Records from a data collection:
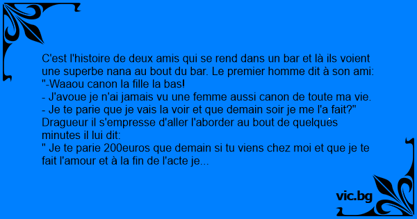 C'est l'histoire de deux amis qui se rend dans un bar et là ils voient une superbe nana au bout du bar. Le premier homme dit à son ami:
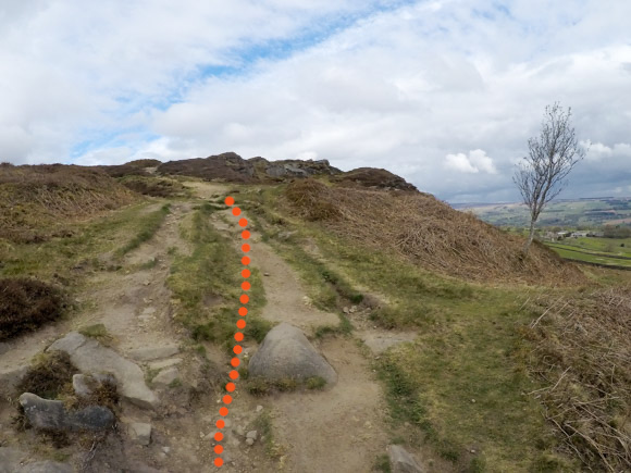 Once passed the “calf” there are many little paths created by previous footsteps wondering around the rocks. Keep following the route away from the rocks and aim for the path that is higher up. You can see it leading away in the distance.
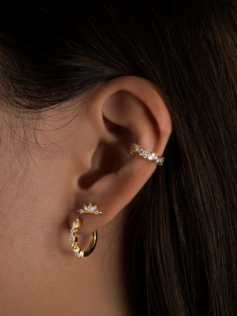 The Sunrays Gold Flat Back Earring features a cluster of clear 5A grade cubic zirconia gemstones arranged in a radiant sunburst design, inspired by the beauty and warmth of sunlight. This elegant piece adds a luminous sparkle to your curated ear, making it the perfect everyday statement. Designed with a flat back closure for a secure and comfortable fit from lobe to helix, it’s made to shine from day to night.
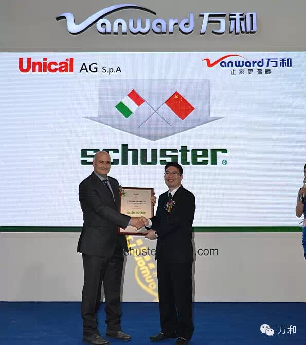 Unical供热集团总经理 Sergio Fiorani 表示,此次与万和合作,是符合双方各自战略发展所需,双方优势互补,共同开拓国际市场。Unical看好中国未来燃气供热市场的发展趋势,万和在中国成熟而强大的销售和售后服务体系,有利于帮助Schuster品牌开拓中国这个重要市场,同时,Unical看重万和在燃气热水器行业的领先技术以及包括燃气壁挂炉、热泵和太阳能热水器、厨房电器等门类齐全的制造资源,这些产品非常有吸引力,通过Unical的网络将这些产品销售到欧洲等国际市场,这对Unical产品线来说是非常重要的补充,将完善Unical供热集团的全球布局。
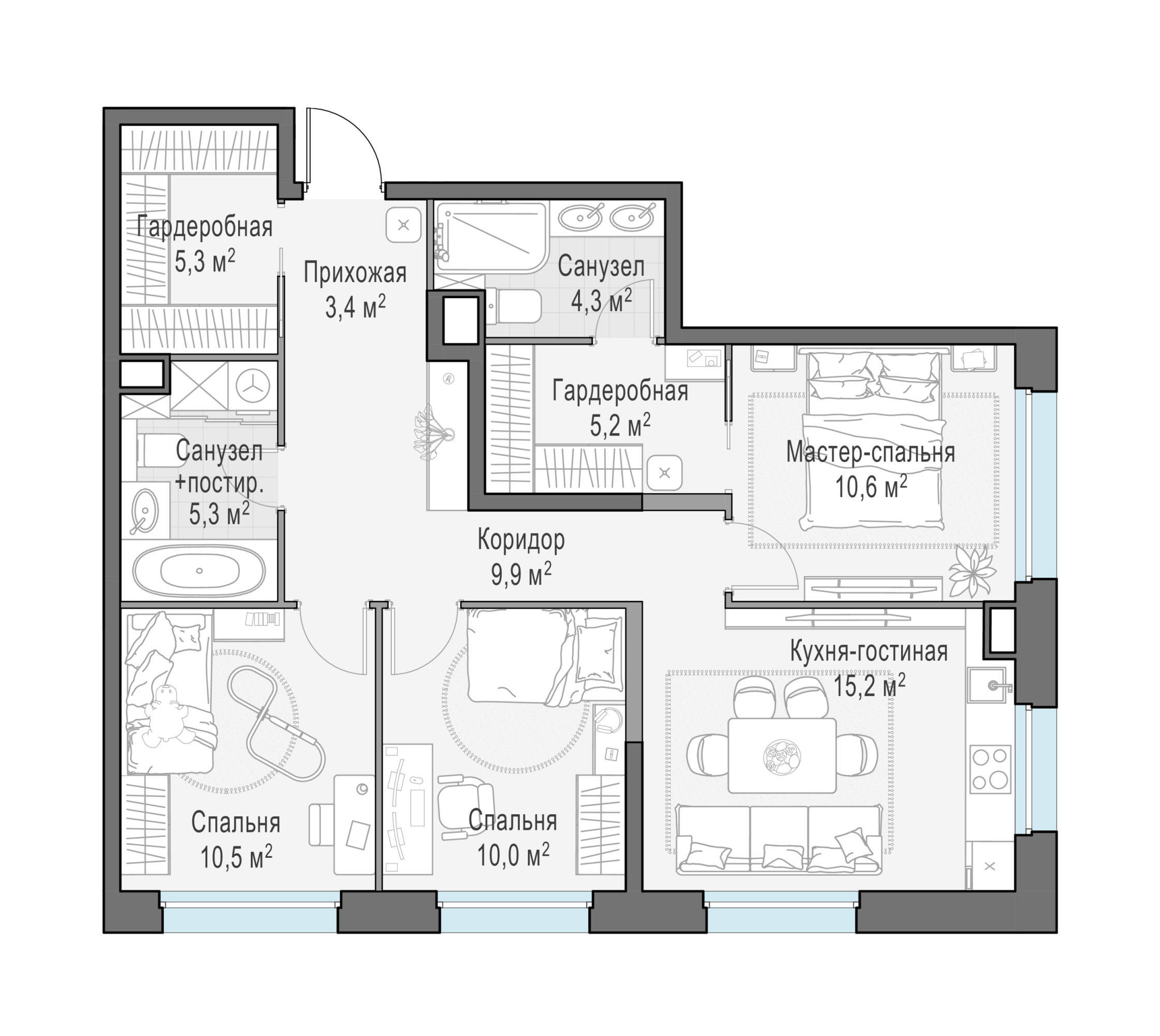 Представленные планировочные решения носят иллюстративный характер. Застройщик передаёт объект с планировкой, указанной в договоре участия в долевом строительстве. Любая перепланировка должна соответствовать требованиям государственных органов.
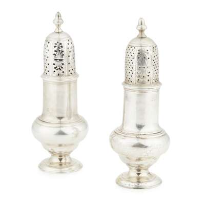 Adam Graham, Glasgow circa 1765, of baluster form, fully pierced domed pull off lid to one, the other partially pierced, acorn finial, raised on a stepped domed foot (2)
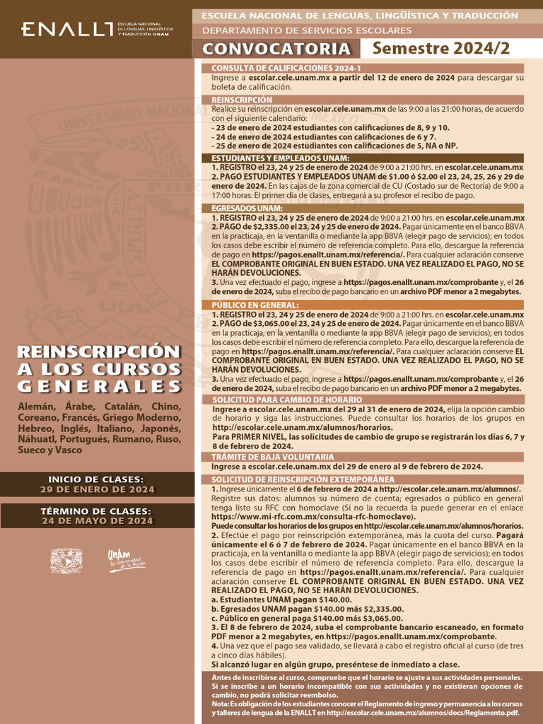 2. Efectúe el pago por reinscripción extemporánea, más la cuota del curso. Pagará
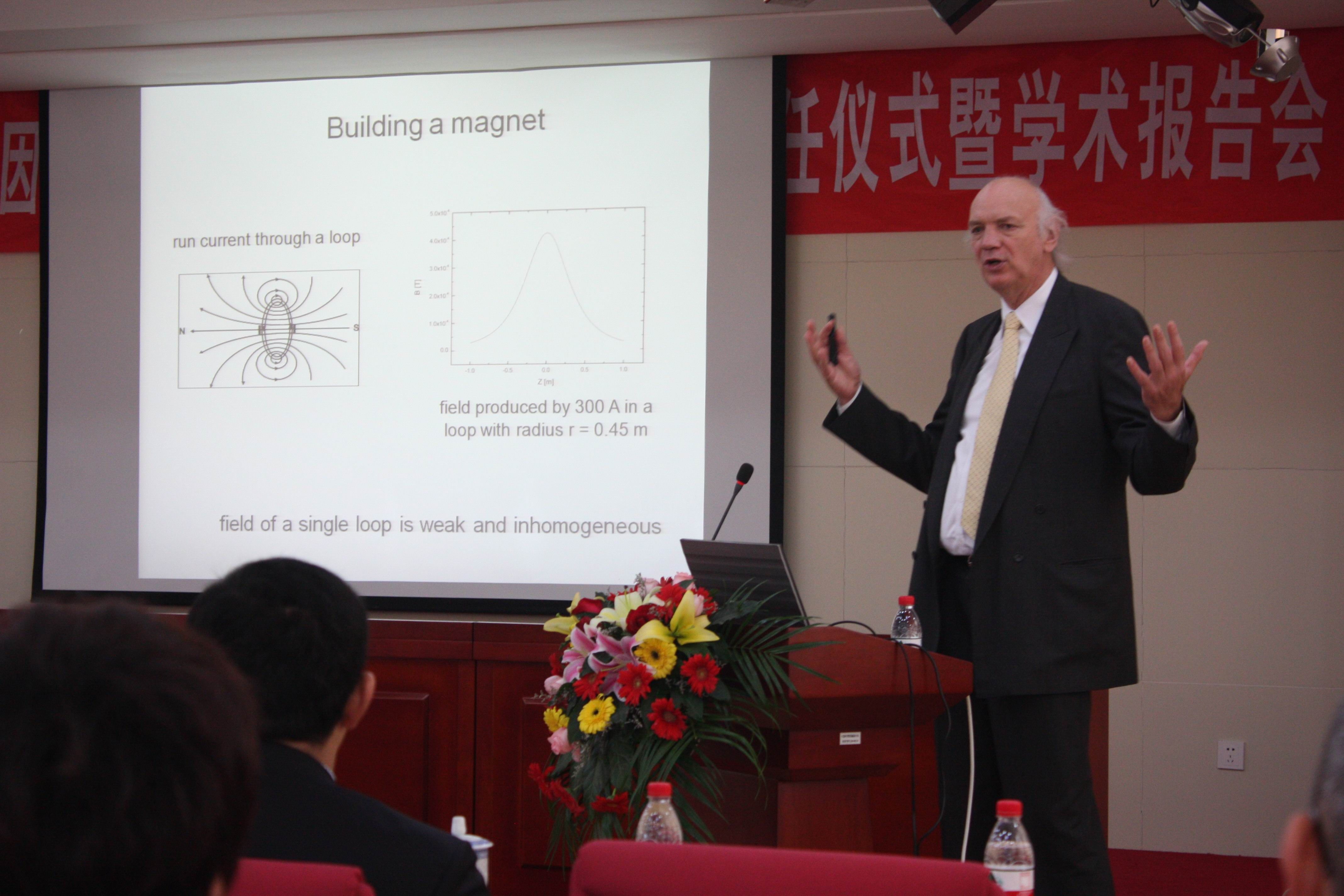 生物磁共振成像所具有的独特技术优势使其在生物成像、认知神经科学、临床医学等重要科学领域得到了广泛的重视及应用。随着物理手段及电子技术的进步,高场下磁共振成像的研究正成为磁共振成像研究的重要方向。Hennig教授是磁共振成像领域的先驱者之一,在该领域享有崇高的声誉。在过去25年的研究中,他领导的研究小组开发了一系列领先的磁共振成像技术手段,其中包括快速回波成像、磁脑电图、非线性成像技术等。Hennig教授在中科院强磁场中心作了题为“极高场下磁共振成像的挑战与机遇”的报告,介绍了磁共振成像在极高磁场下的最新技术方法,讨论极高磁场下磁共振成像的优势及技术挑战以及最新研究成果等; Hennig教授在中国科技大学作了题为“磁共振成像:生命的视野”的专题讲座。Hennig教授以通俗易懂的科普语言,向听众介绍了磁共振成像在认知、神经科学、临床医学等生命科学中的应用前景,磁共振成像的新技术方法与手段以及其最新研究进展。来自中科院合肥物质科学研究院强磁场科学中心、技术生物与农业工程研究所、医学物理与技术中心、安徽医科大学以及中国科技大学相关学科的科研人员、医生、研究生和部分高年级本科生聆听了二场学术报告会。报告会上,听众纷纷提问,向大师请教,现场气氛十分活跃。Hennig教授不但学识渊博、幽默风趣,一席带德国口音的汉语开场白更博得了满场喝彩,拉近了台上与台下、德国知名科学家与普通中国听众的距离。

* [Exercise objective]:
Each line from the beginning of the entries up to and including the one containing "Unical供热集团总经理 Sergio Fiorani" must be restated exactly. Pictures are to be left out.

* [Problem solution]:
 C'est l'histoire de deux amis qui se rend dans un bar et là ils voient une superbe nana au bout du bar. Le premier homme dit à son ami:
 Once passed the “calf” there are many little paths created by previous footsteps wondering around the rocks. Keep following the route away from the rocks and aim for the path that is higher up. You can see it leading away in the distance.
 The Sunrays Gold Flat Back Earring features a cluster of clear 5A grade cubic zirconia gemstones arranged in a radiant sunburst design, inspired by the beauty and warmth of sunlight. This elegant piece adds a luminous sparkle to your curated ear, making it the perfect everyday statement. Designed with a flat back closure for a secure and comfortable fit from lobe to helix, it’s made to shine from day to night.
 Unical供热集团总经理 Sergio Fiorani 表示,此次与万和合作,是符合双方各自战略发展所需,双方优势互补,共同开拓国际市场。Unical看好中国未来燃气供热市场的发展趋势,万和在中国成熟而强大的销售和售后服务体系,有利于帮助Schuster品牌开拓中国这个重要市场,同时,Unical看重万和在燃气热水器行业的领先技术以及包括燃气壁挂炉、热泵和太阳能热水器、厨房电器等门类齐全的制造资源,这些产品非常有吸引力,通过Unical的网络将这些产品销售到欧洲等国际市场,这对Unical产品线来说是非常重要的补充,将完善Unical供热集团的全球布局。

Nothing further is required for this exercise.